I think the decision is do you want to have this baby as a Lp. I had my Ds at 36 and left my ex when he was born but still 37 . It is very doable if that’s what you want

rainbowstardrops · 21/07/2018 19:16

So he's too old to have another baby and yet he's threatening you with 50% custody - I'd be throwing that at him right now!!!

You sound as if you feel guilty about the last abortion, so could you really go through another? Do you even want to?

Your marriage is over regardless it would seem.

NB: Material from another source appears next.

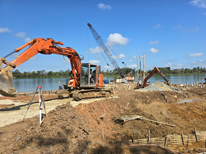 | Dự án sân khấu ngoài trời kết hợp đường dạo dọc bờ nam sông Hương đang được các đơn vị thi công đẩy nhanh tiến độ |

Do what's in your heart and not in your head and the answer will come to you.

Good luck Thanks

Singlenotsingle · 21/07/2018 19:37

How and why does he think he'd be able to look after the baby 50% of the time? He doesn't want it. He wants it aborted. Anyway he's got to work! What an idiot!

kissthealderman · 21/07/2018 19:37

This reply has been deleted

Message withdrawn at poster's request.

ReggieKrayDoYouKnowMyName · 21/07/2018 19:43

If you want the baby then you must keep it. Especially in light of the previous abortion. You’ll cope. I’m sorry your husband is a wanker.

cadiekitten · 21/07/2018 19:58

My heart goes out to you. What a terrible situation to have been put in by your own dh! I don't think he has the right to tell you to just get rid of the baby; he was happy enough to be helping to make it (and you did take an emergency contraceptive which is unfortunately was not effective for pregnancy prevention for you).
Unless I'm mistaken, it takes a man and a woman to get pregnant Hmm. He needs to man up and support you not make threats. Don't make decisions you might regret later because you're being bullied into them. Thanks

Scarletrose28 · 21/07/2018 20:04

Have the baby. You’ll regret it more if you don’t. Ignore your husband he is just making empty threats.